## Provided data
________________

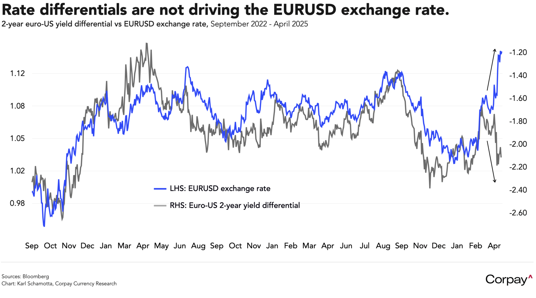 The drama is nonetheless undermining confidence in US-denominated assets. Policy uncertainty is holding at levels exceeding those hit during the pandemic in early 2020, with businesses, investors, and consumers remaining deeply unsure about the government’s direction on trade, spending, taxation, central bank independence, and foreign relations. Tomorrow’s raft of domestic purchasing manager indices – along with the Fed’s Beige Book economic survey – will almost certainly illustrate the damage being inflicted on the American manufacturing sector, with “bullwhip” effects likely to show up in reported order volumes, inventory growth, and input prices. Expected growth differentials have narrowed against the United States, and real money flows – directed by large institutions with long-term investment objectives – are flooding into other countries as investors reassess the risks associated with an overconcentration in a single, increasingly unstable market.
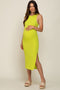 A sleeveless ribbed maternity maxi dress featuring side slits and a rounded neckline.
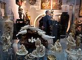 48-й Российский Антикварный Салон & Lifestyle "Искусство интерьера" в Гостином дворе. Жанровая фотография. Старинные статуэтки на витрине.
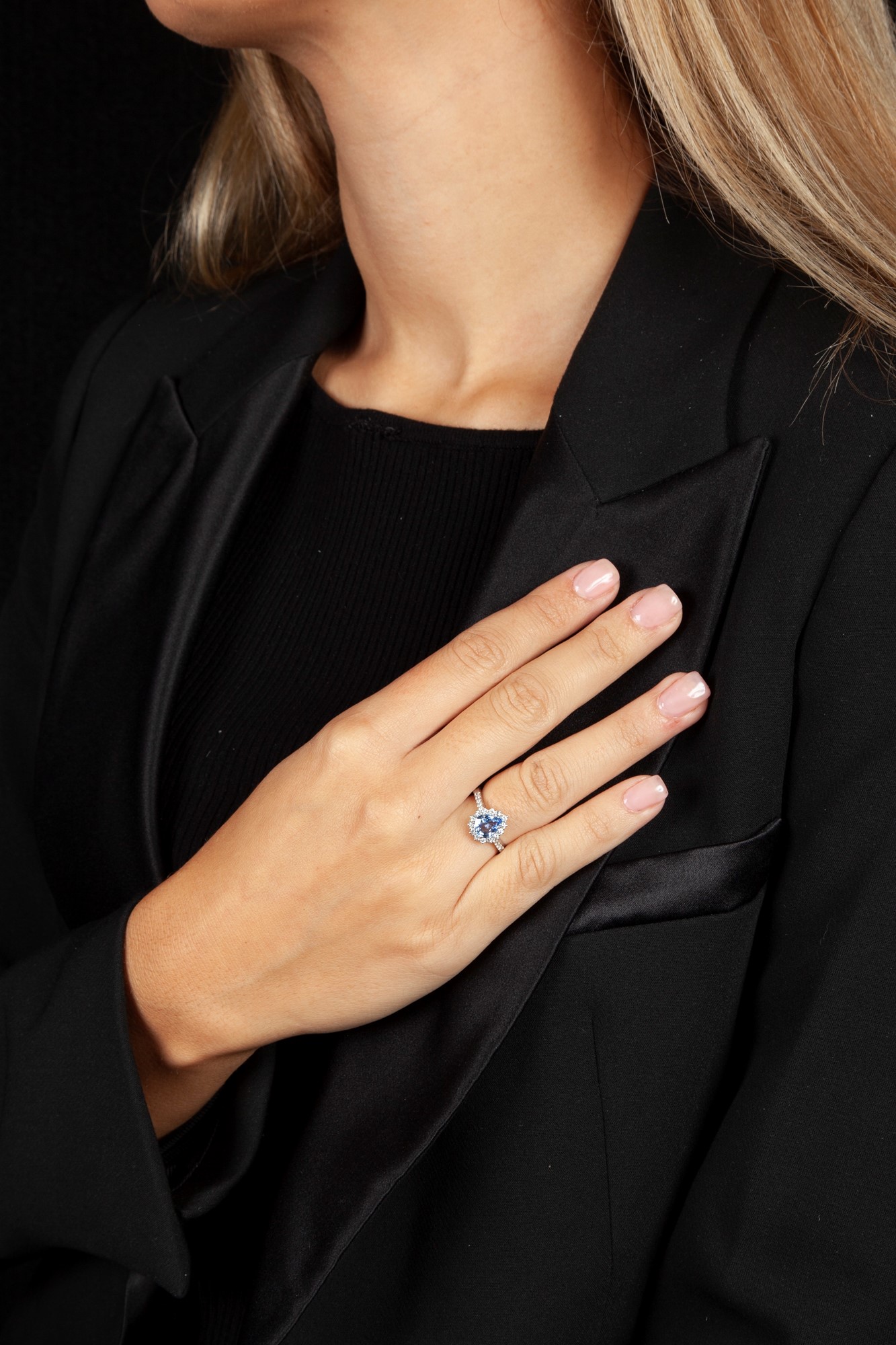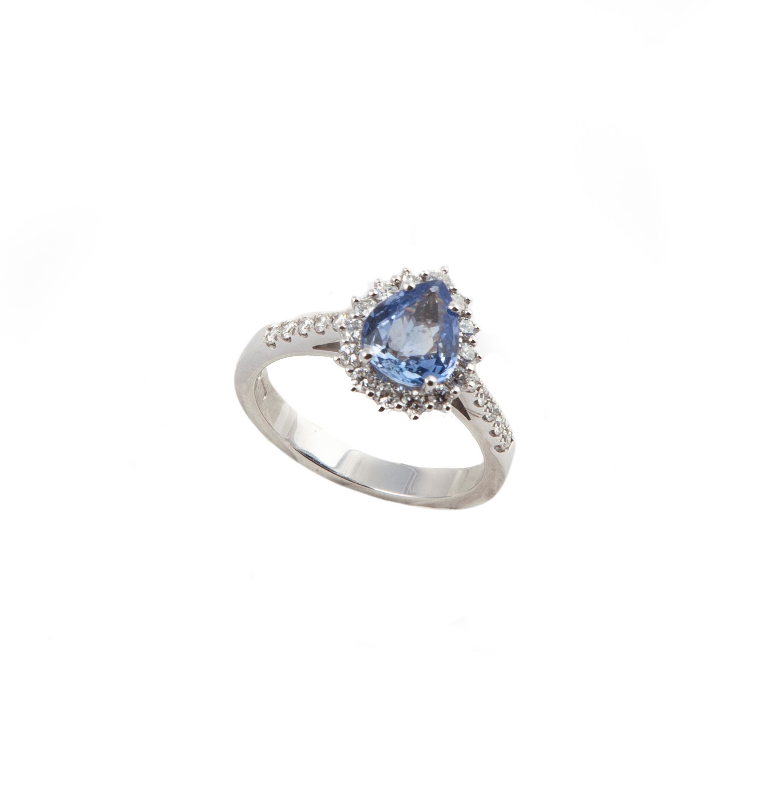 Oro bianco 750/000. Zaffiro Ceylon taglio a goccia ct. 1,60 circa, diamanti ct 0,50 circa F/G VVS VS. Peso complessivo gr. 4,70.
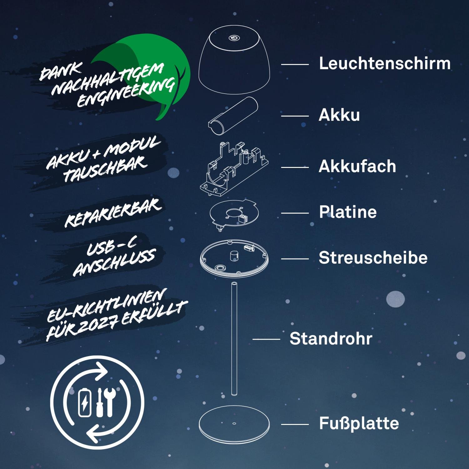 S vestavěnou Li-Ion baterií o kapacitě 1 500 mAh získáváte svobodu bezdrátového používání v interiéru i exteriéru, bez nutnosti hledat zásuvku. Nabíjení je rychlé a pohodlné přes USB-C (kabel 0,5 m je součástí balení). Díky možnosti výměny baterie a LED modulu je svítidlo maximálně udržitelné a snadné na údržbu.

________________

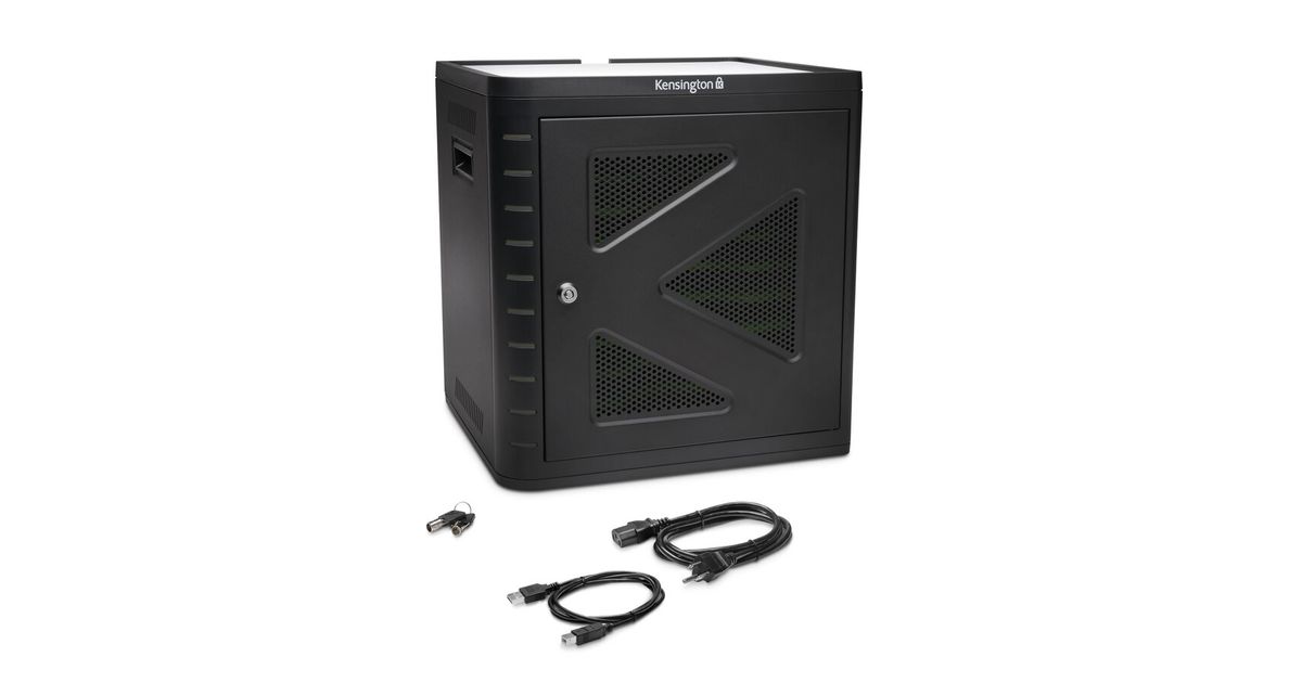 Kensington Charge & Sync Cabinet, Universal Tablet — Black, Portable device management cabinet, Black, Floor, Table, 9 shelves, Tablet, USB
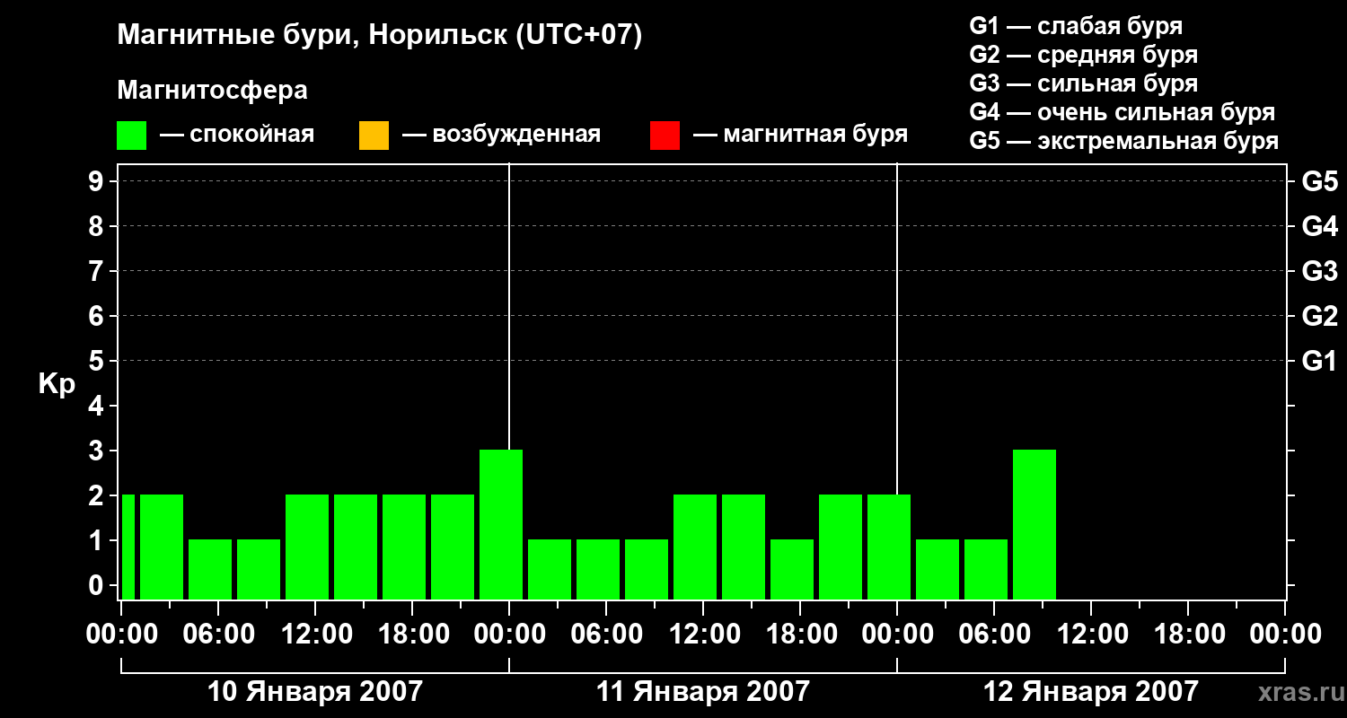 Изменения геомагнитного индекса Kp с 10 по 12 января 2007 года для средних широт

________________

## Problem statement
From the data above, return only the lines starting at the line that holds "The drama is" and ending at the line that holds "48-й Российский Антикварный", word for word and without pictures.

## Answer to this exercise
 The drama is nonetheless undermining confidence in US-denominated assets. Policy uncertainty is holding at levels exceeding those hit during the pandemic in early 2020, with businesses, investors, and consumers remaining deeply unsure about the government’s direction on trade, spending, taxation, central bank independence, and foreign relations. Tomorrow’s raft of domestic purchasing manager indices – along with the Fed’s Beige Book economic survey – will almost certainly illustrate the damage being inflicted on the American manufacturing sector, with “bullwhip” effects likely to show up in reported order volumes, inventory growth, and input prices. Expected growth differentials have narrowed against the United States, and real money flows – directed by large institutions with long-term investment objectives – are flooding into other countries as investors reassess the risks associated with an overconcentration in a single, increasingly unstable market.
 A sleeveless ribbed maternity maxi dress featuring side slits and a rounded neckline.
 48-й Российский Антикварный Салон & Lifestyle "Искусство интерьера" в Гостином дворе. Жанровая фотография. Старинные статуэтки на витрине.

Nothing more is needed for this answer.